» WORK ORDER
Copy the listing below in full and skip every picture.

Start of DATASET CONTENT

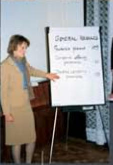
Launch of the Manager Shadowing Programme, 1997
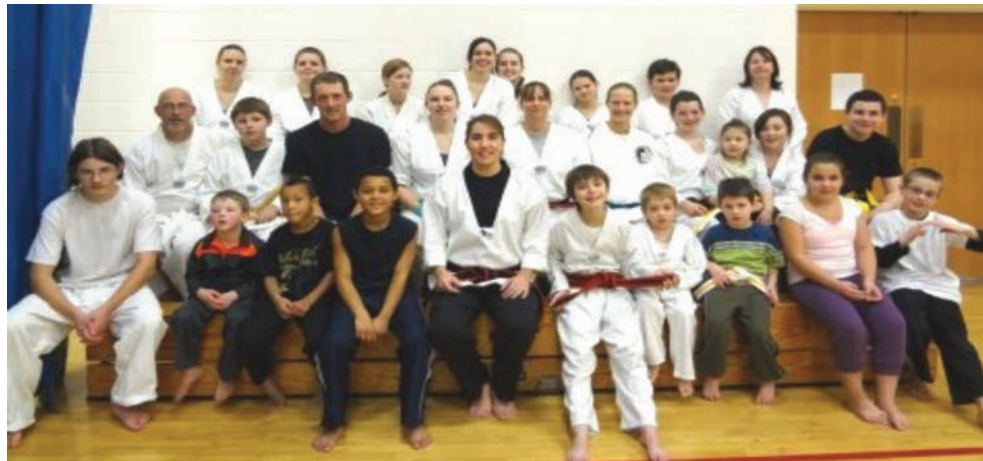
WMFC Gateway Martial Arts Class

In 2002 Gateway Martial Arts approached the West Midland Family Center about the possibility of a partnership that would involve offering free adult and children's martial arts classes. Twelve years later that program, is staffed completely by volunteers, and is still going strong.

End of DATASET CONTENT

» RESULT OF THIS TASK
Launch of the Manager Shadowing Programme, 1997
WMFC Gateway Martial Arts Class

In 2002 Gateway Martial Arts approached the West Midland Family Center about the possibility of a partnership that would involve offering free adult and children's martial arts classes. Twelve years later that program, is staffed completely by volunteers, and is still going strong.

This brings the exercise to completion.